Kimoto ⽣酛 Describes a style of sake that uses the original yeast starter method. The yeast starter for Kimoto sake is rhythmically mixed using long paddles to combine yeast, water rice and koji into a starter mash that naturally promotes lactic acid development. Known for a robust and sometimes funky flavours with high acidity.
   
Yamahai ⼭廃 A yeast starter method that was developed after Kimoto. Yamahai allows for natural lactic acid production, but does away with the need for “Yamaoroshi” or the labor intensive macerating/mashing of the yeast starter using long wooden poles as done for centuries in the Kimoto method.

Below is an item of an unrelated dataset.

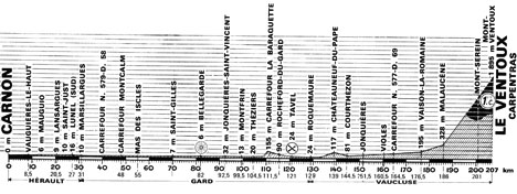 9h45 (Hérault) : Carnon (km 0) - D62 Les Cabanes-de-Pérols - D172 Vauguières-le-Bas (près de) (km 7) - Vauguières-le-Haut (km 8) - Mauguio (km 13.5) - D24 Lansargues (km 24.5) - St-Just (km 24) - Lunel sud (km 27) - Marsillargues (km 31) - (Gard) : St-Laurent-d'Aigouze (km 34.5) - D58 Carrefour Montcalm (km 48) - D179 Quattret - Mas-des-Iscles (km 55) - Mas-de-la-Fosse - D38 St-Gilles-du-Gard (km 70) - Bellegarde (km 82-sprint) - D163 Jonquières-St-Vincent (km 92.5) - D763 Montfrin (km 99.5) - D2 Théziers (km 104.5) - D108. Domazan (km 108.5) - N576 Rochefort-du-Gard (km 115.5) - D26 Tavel (km 121) - Roquemaure (km 129) - (Vaucluse) : D17 Châteauneuf-du-Pape (km 139) - D92 Courthézon (km 144.5) - N550 Jonquières (km 151.5) - Carr. Beauregard (km 153.5) - N 577 Violes (km 160.5) - Vaison-la-Romaine (km 176.5) - N538 Malaucène (km 186) - N574 Mont-Serein (km 201) - Mont-Ventoux (km 207.5).
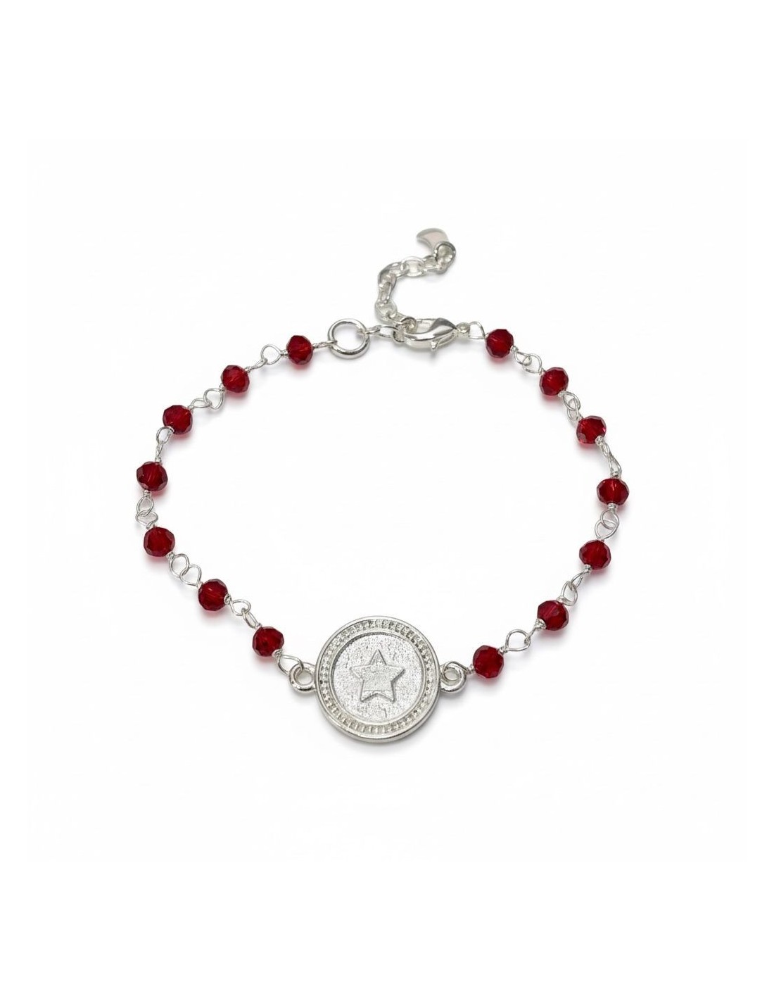 PULSERA BAÑADA EN PLATA CRISTAL ROJO

Yamahai flavour profiles tend to be full bodied and funky with high acidity.
   
Seimai-Buai 精⽶歩合 Also known as rice polishing ratio. Indicates the percentage of the rice grain remaining after polishing away the outer layers of each rice grain prior to brewing.
   
Muroka 無濾過 Sake that skips the step of charcoal filtering.
   
Karakuchi ⾟⼝ To describe sake that is dry.
   
Nigori 濁り Coarsely filtered, cloudy style sake. What makes it cloudy? The coarse pressing of the sake mash leaves bits of unfermented rice solids in the sake that gives it a creamy or milky white appearance.